Black Flag Resynced Cuts Every Modern-Day Scene
Ubisoft's Black Flag remake strips out every modern-day Abstergo sequence from the original, replacing them with new pirate-focused story content. It's a move that will thrill some fans and infuriate others.
For over a decade, the modern-day framing device was the connective tissue of Assassin's Creed. You weren't just playing as Ezio or Edward Kenway; you were reliving their memories through the Animus, and the conspiracy unfolding in the present day gave the whole thing a purpose beyond the historical tourism. In Assassin's Creed Black Flag Resynced, that layer is gone entirely. Every Abstergo Entertainment sequence from the 2013 original has been cut.
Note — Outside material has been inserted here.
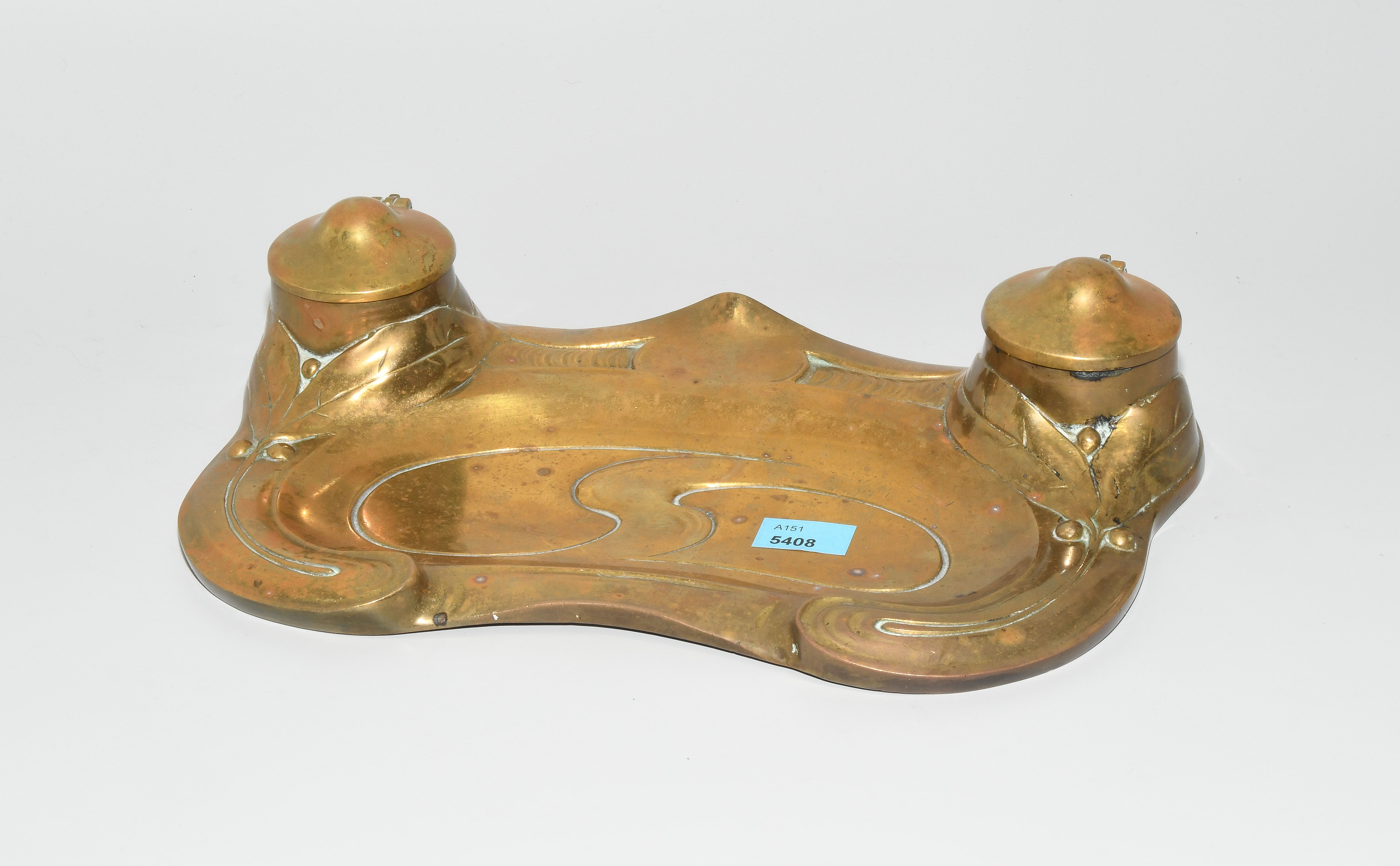 Jugendstil. Messing. Pinselablage mit Tinten- bzw. Sandfässchen mit Glaseinsatz. Reliefdekor. L 27,5 cm.

Creative director Paul Fu confirmed the decision in an interview with VGC, explaining that keeping the modern-day segments would clash with how the franchise currently handles that element. "We felt that the right thing to do was to go in the direction of Assassin's Creed: Shadows," Fu said. "The Animus has evolved so much in the past few years that it would be odd for us to shift the direction." The game does still feature Animus rifts, similar to those in Shadows, presenting "what if scenarios" rather than a continuous present-day narrative.
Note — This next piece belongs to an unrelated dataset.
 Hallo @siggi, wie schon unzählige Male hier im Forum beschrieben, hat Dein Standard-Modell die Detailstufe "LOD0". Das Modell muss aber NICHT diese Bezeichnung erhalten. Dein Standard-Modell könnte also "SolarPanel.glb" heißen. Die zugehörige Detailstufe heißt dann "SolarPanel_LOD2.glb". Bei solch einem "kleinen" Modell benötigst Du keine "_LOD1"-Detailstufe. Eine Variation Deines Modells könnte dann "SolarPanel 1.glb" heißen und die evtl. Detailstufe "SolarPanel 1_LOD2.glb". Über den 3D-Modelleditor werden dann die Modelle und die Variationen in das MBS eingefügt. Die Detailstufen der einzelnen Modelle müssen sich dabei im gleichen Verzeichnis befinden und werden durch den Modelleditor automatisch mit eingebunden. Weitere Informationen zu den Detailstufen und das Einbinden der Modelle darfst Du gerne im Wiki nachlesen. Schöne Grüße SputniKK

Game director Richard Knight framed the removal more bluntly, calling the original's sci-fi story thread dealing with the fallout of Desmond Miles' death something that was "not really the question that's being asked today." In place of those first-person office-wandering segments, Ubisoft Singapore has added four new story chapters and around six to eight hours of additional content focused squarely on Edward Kenway's pirate life, including new recruitable ship officers and an expanded endgame questline.
I get the reasoning, but this is going to split the fanbase clean down the middle. The modern-day storyline in the original Black Flag wasn't some throwaway distraction. It was a meta-commentary on Ubisoft itself, casting the player as an employee at a thinly-veiled game studio mining historical memories for entertainment product. It was one of the sharpest things the series ever did with its framing device. Cutting it doesn't just remove filler; it removes a layer of self-awareness that made Black Flag feel smarter than it needed to be. For players who always mashed through those sections to get back to pirating, this is a dream come true. For the subset of fans who followed the modern-day arc from Desmond through to the Abstergo meta-narrative, it's confirmation that Ubisoft has fully abandoned that thread.
What Fills the Gap
The replacement content leans hard into what made Black Flag popular in the first place. Hands-on previews describe new character arcs for officer NPCs like Lucy Baldwin, an increased focus on Blackbeard's storyline, and quest designs that aim to break up the original's over-reliance on repetitive mission types. Combat on land has been overhauled to feel closer to modern entries, with parries, counters, and combos replacing the old counter-kill system. Naval combat, meanwhile, has been left mostly intact, with new weapon options like heated shots, shrapnel barrels, and manually-aimed swivel guns layered on top of what was already one of the series' best systems.
Other modernisations include manual crouch and jump buttons, underwater exploration of detailed seabeds, and a UI that borrows heavily from Shadows. The open world remains the same 16km x 16km map, but Ubisoft has added new islands to fill it out. Neither Freedom Cry nor the original's multiplayer mode made the cut.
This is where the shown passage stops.